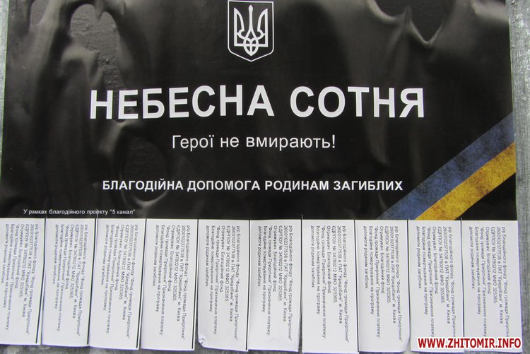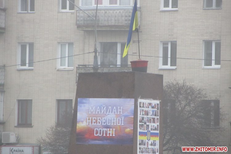В центре Житомира, на площади Соборной, один из билбордов напоминает о героях Небесной сотни, а на постаменте бывшего памятника Ленину – плакат «Майдан Небесной сотни».
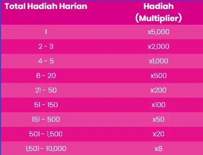 6. Pemain dapat memenangkan hingga 2 hadiah setiap harinya.
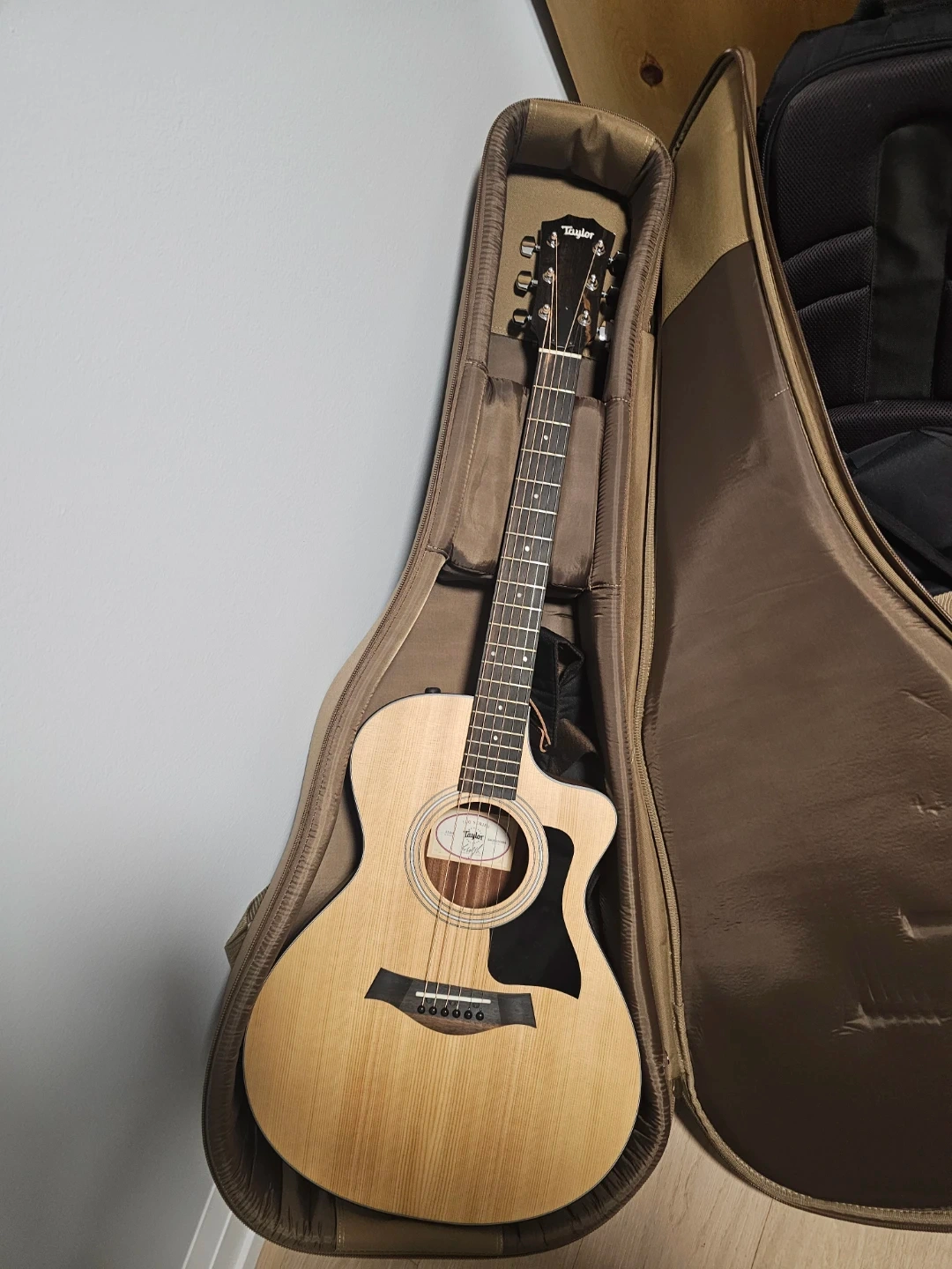 Selling a Taylor 112ce acoustic guitar. It's in great shape and sounds amazing! The guitar comes with its case for easy transport and storage. It's a fantastic instrument for anyone looking to upgrade their sound or start playing
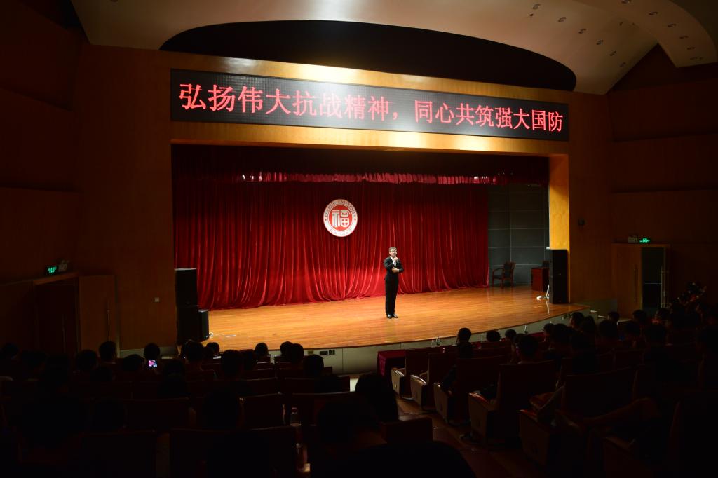 舞台上,各位选手以流利的语言和富有感情的词汇为我们讲述祖国抗战历程及先驱们留给后辈的抗战精神。他们以或高亢或低沉的嗓音极具感情地在舞台上抒发对英雄的崇敬和对增强祖国国防力量的期盼和信任。
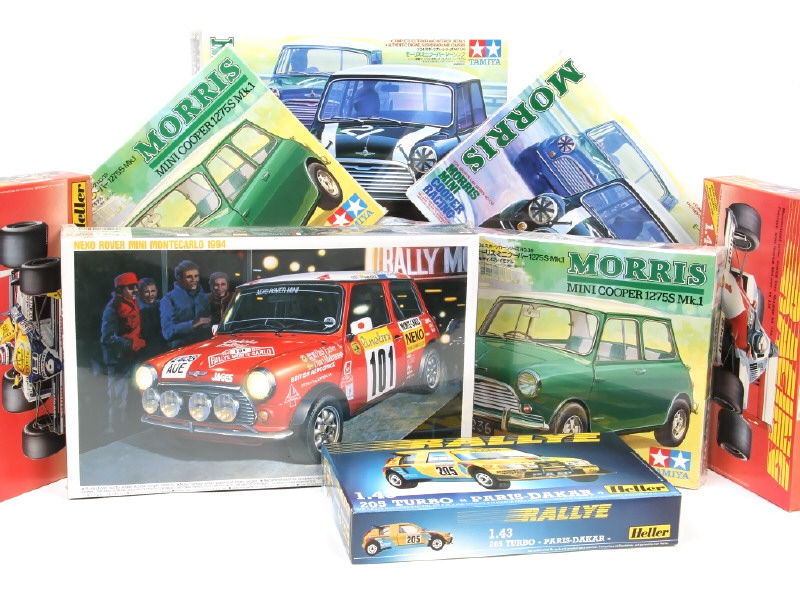 comprend notamment : MINI COOPER, PEUGEOT 205 'RALLYE PARIS-DAKAR', WILLIAMS-HONDA & Mc Laren TAG - on y retrouve les marques FUJIMI, TAMIYA & HELLER - 5 exemplaires sous film plastique
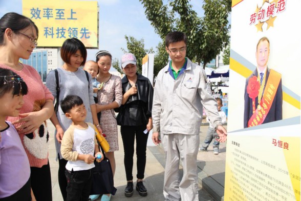 j9九游会文化广场上的“一全二创三结合”职工创新成果及劳模事迹展板,成为家庭日上一道别样的风景,吸引了很多职工家属驻足观看。他们仔细聆听工作人员讲解劳模们的先进事迹和创新成果,脸上不时流露出敬佩赞扬之情。还有的孩子跑过去站在展板前自豪地说,“看,这是我爸爸!”。
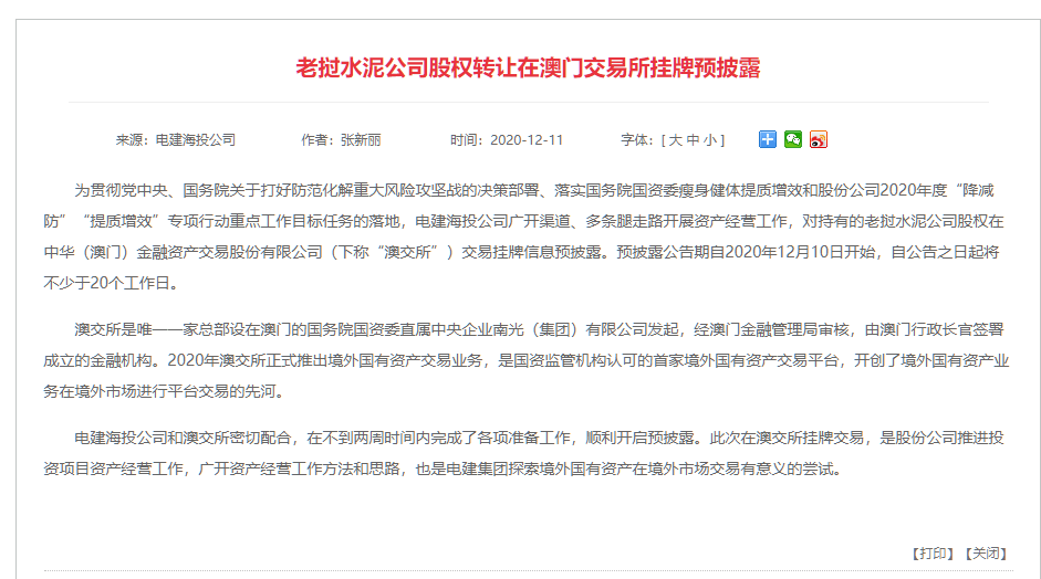 日前,中國(guó)電建官網(wǎng)發(fā)布消息稱,為防范化解重大風(fēng)險(xiǎn)攻堅(jiān)戰(zhàn)的決策部署、落實(shí)瘦身健體提質(zhì)增效和股份公司2020年度“降減防”“提質(zhì)增效”專項(xiàng)行動(dòng)重點(diǎn)工作目標(biāo)任務(wù)的落地,電建海投公司廣開渠道、多條腿走路開展資產(chǎn)經(jīng)營(yíng)工作,對(duì)持有的老撾水泥公司股權(quán)在中華(澳門)金融資產(chǎn)交易股份有限公司(下稱“澳交所”)交易掛牌信息預(yù)披露。預(yù)披露公告期自2020年12月10日開始,自公告之日起將不少于20個(gè)工作日。澳交所是唯一一家總部設(shè)在澳門的國(guó)務(wù)院國(guó)資委直屬中央企業(yè)南光(集團(tuán))有限公司發(fā)起,經(jīng)澳門金融管理局審核,由澳門行政長(zhǎng)官簽署成立的金融機(jī)構(gòu)。2020年澳交所正式推出境外國(guó)有資產(chǎn)交易業(yè)務(wù),是國(guó)資監(jiān)管機(jī)構(gòu)認(rèn)可的首家境外國(guó)有資產(chǎn)交易平臺(tái),開創(chuàng)了境外國(guó)有資產(chǎn)業(yè)務(wù)在境外市場(chǎng)進(jìn)行平臺(tái)交易的先河。

§ THE PROBLEM
Look above for the line with "Selling a Taylor" and the line with "comprend notamment : MINI", then restate exactly those two lines and all lines between them, with no pictures.

§ FINAL ANSWER
 Selling a Taylor 112ce acoustic guitar. It's in great shape and sounds amazing! The guitar comes with its case for easy transport and storage. It's a fantastic instrument for anyone looking to upgrade their sound or start playing
 舞台上,各位选手以流利的语言和富有感情的词汇为我们讲述祖国抗战历程及先驱们留给后辈的抗战精神。他们以或高亢或低沉的嗓音极具感情地在舞台上抒发对英雄的崇敬和对增强祖国国防力量的期盼和信任。
 comprend notamment : MINI COOPER, PEUGEOT 205 'RALLYE PARIS-DAKAR', WILLIAMS-HONDA & Mc Laren TAG - on y retrouve les marques FUJIMI, TAMIYA & HELLER - 5 exemplaires sous film plastique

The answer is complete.